TASK INSTRUCTIONS. Print exactly the lines from the one containing "Transformă-ți pasiunea pentru" through the last line of the entries below; the pictures stay out of the copy.
INPUT DATA: Begin
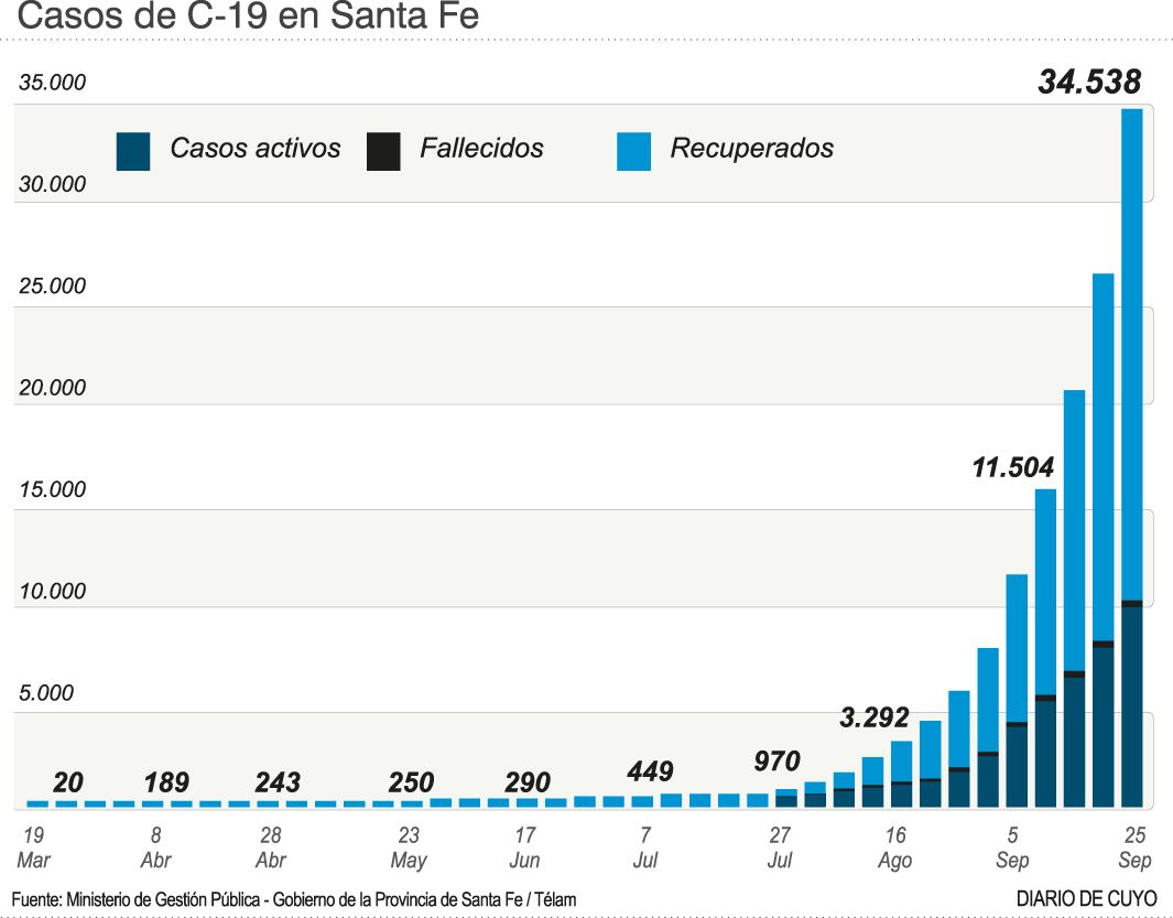 La provincia de Santa Fe pasó en los últimos dos meses y medio de registrar 425 casos de coronavirus a más de 34.000, lo que derivó en una ocupación del 97% de las camas de terapia intensiva del sector público en Rosario esta semana y causó "alerta" en las autoridades sanitarias por la "tensión" sobre el sistema de salud.
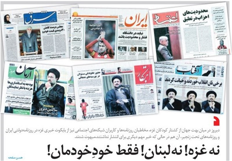 رفتار دیروز روزنامههای تحت زنجیر که مورد اعتراض شدید کاربران شبکههای اجتماعی قرار گرفت و حتی یکی از خبرنگاران روزنامه شرق نیز اعتراض خود را به این وضعیت در توئیتر منتشر کرد، نشان داد که مسئله غزه برای ایشان یک موضوع اسلامی یا حتی انسانی نیست که آن را در فجیعترین روز آن که یکصد تن از زنان و کودکان شجاعیه قتل عام میشوند، فراموش نکنند، بلکه یک بازی سیاسی است که با آن میتوانند به مخاطبانشان زاویه خود با انقلاب و آرمانهایش را نشان دهند. یک روز با هماهنگی از بالا همگی به آن میپردازند و روز دیگر دستور از همان بالا میشود: «نه غزه ! نه قدس ! نه لبنان ! فقط خود خودمان!؟» رفتاری که این روزها حتی در بیبیسیبیحیا نیز دیده نمیشود و این رسانه آلوده برای حفظ مخاطبانش مجبور شده هر روز آمار قتل عام غزه را تیتر یک خود کند. دیروز در حالی که روزنامهها و رسانههای جهان، غزه را تیتر یک خود کردند و حتی از حمله صهیونیستها به بیمارستانهای غزه خبر دادند، روزنامههای زنجیری وابسته به اشخاص شناخته شده ثابت کردند که وارث همان نشریاتی هستند که در دهه80 آرمانهای اسلامی و انسانی را به منافع شخصی و جناحی خودشان میفروختند و هرگاه پای یکی از نمادهای جهانی انقلاب اسلامی به میان میآمد، پای آنها میلغزید.
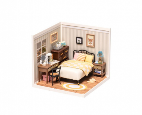 Transformă-ți pasiunea pentru miniaturi într-o experiență relaxantă cu acest kit care recreează o cameră de dormit caldă și elegantă.
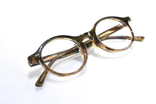 レンズの厚みもカバーできるサイズ感です。ラウンドフレームに少し変化を与えたさり気ない個性でオシャレにお掛けいただけます。是非店頭にてお試し下さいませ。
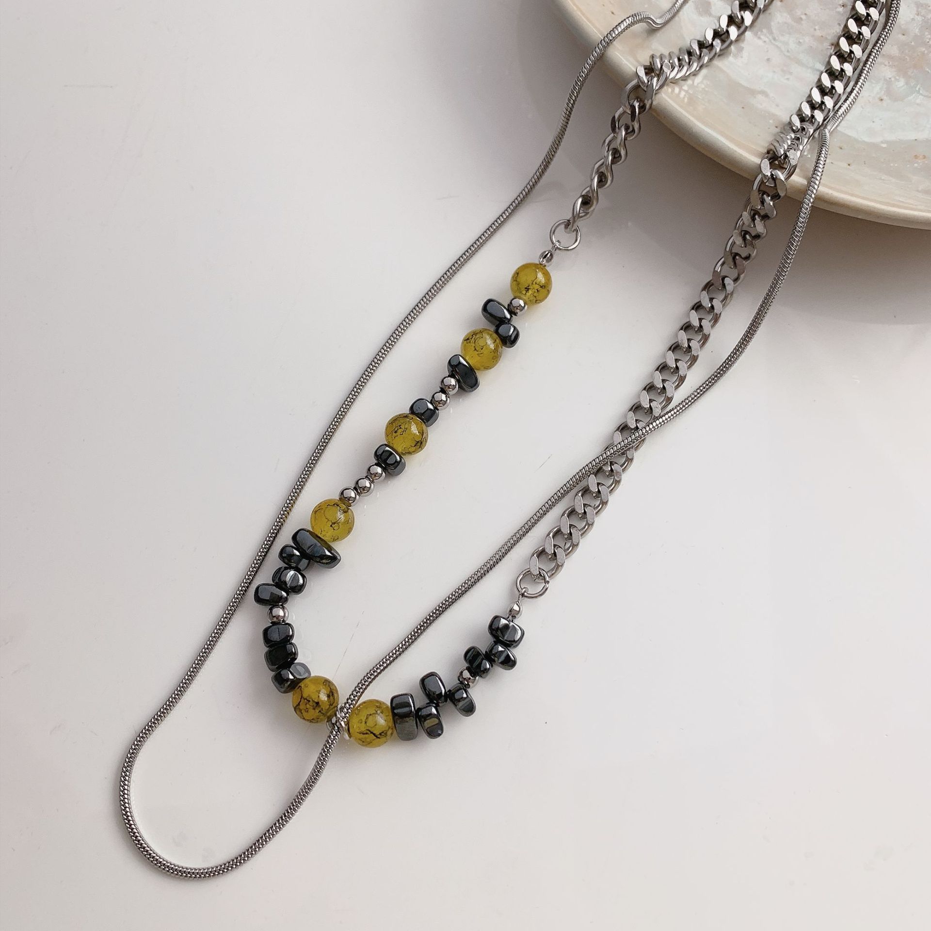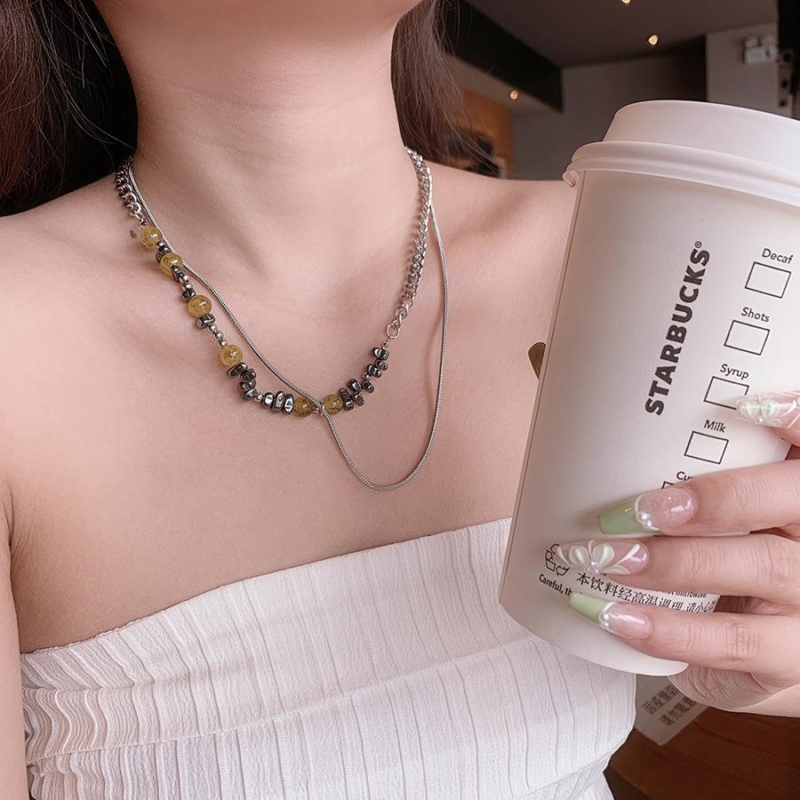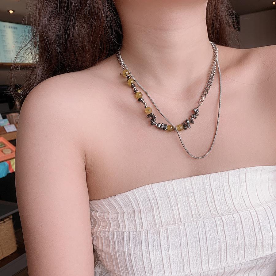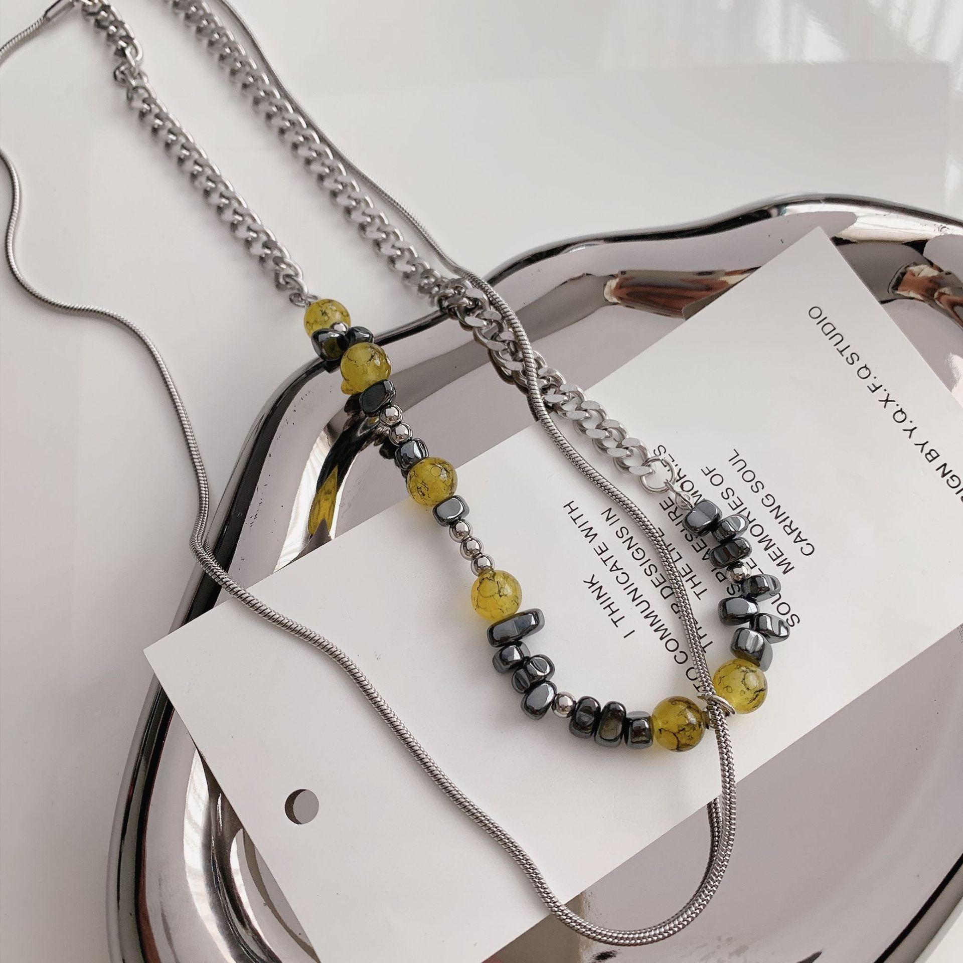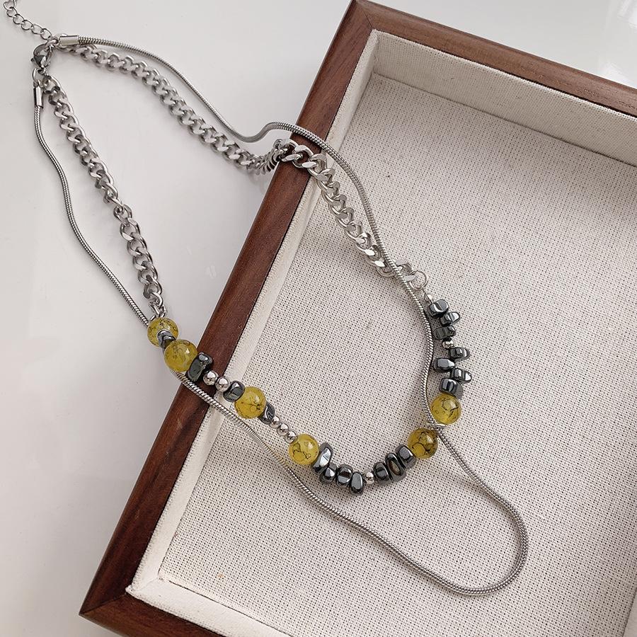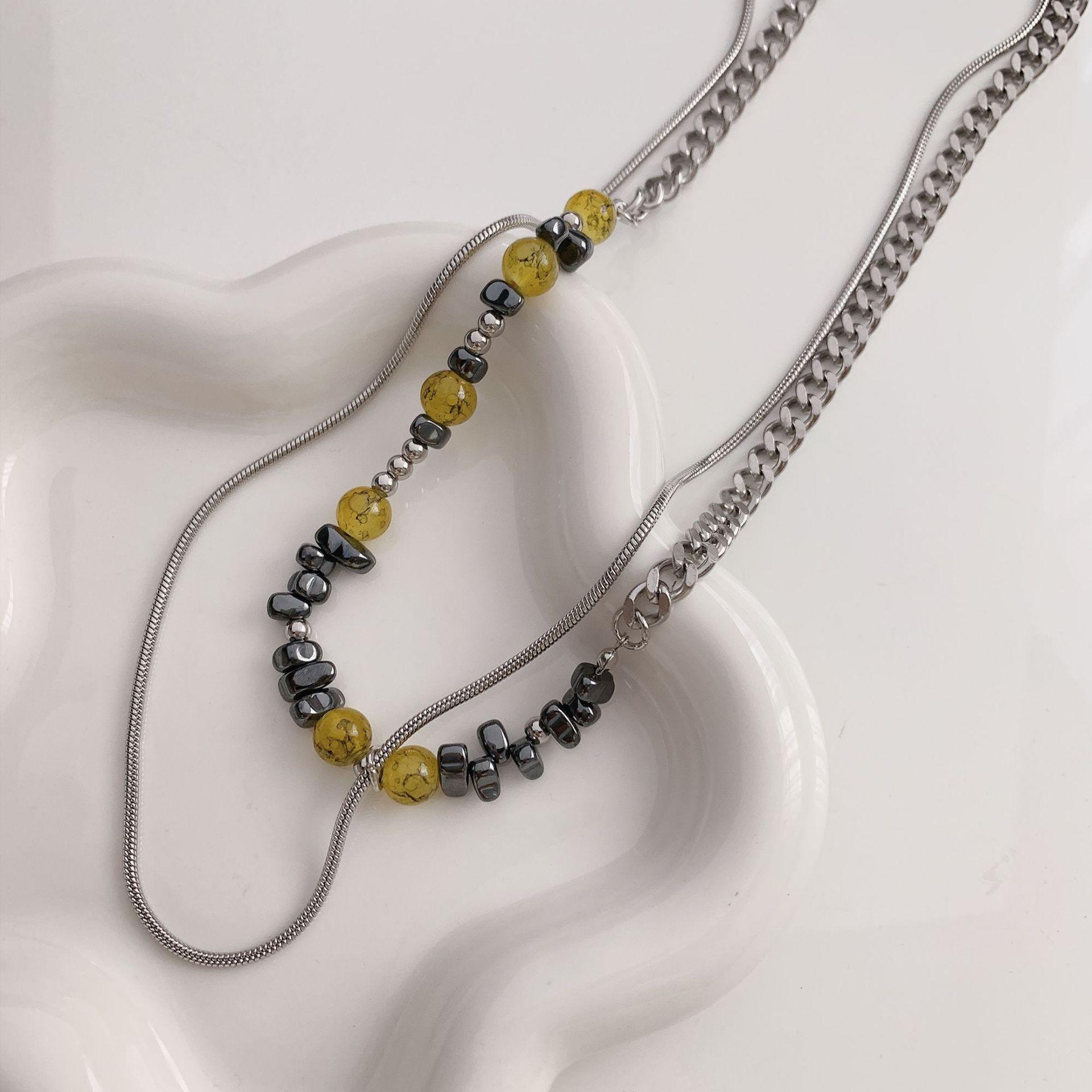 Nuevo collar chino de cadena de acero de titanio con piedra irregular de color tierra y costuras de hueso de serpiente, cadena de clavícula para pareja, dulce y genial.
INPUT DATA: End
ANSWER SPACE.
 Transformă-ți pasiunea pentru miniaturi într-o experiență relaxantă cu acest kit care recreează o cameră de dormit caldă și elegantă.
 レンズの厚みもカバーできるサイズ感です。ラウンドフレームに少し変化を与えたさり気ない個性でオシャレにお掛けいただけます。是非店頭にてお試し下さいませ。
 Nuevo collar chino de cadena de acero de titanio con piedra irregular de color tierra y costuras de hueso de serpiente, cadena de clavícula para pareja, dulce y genial.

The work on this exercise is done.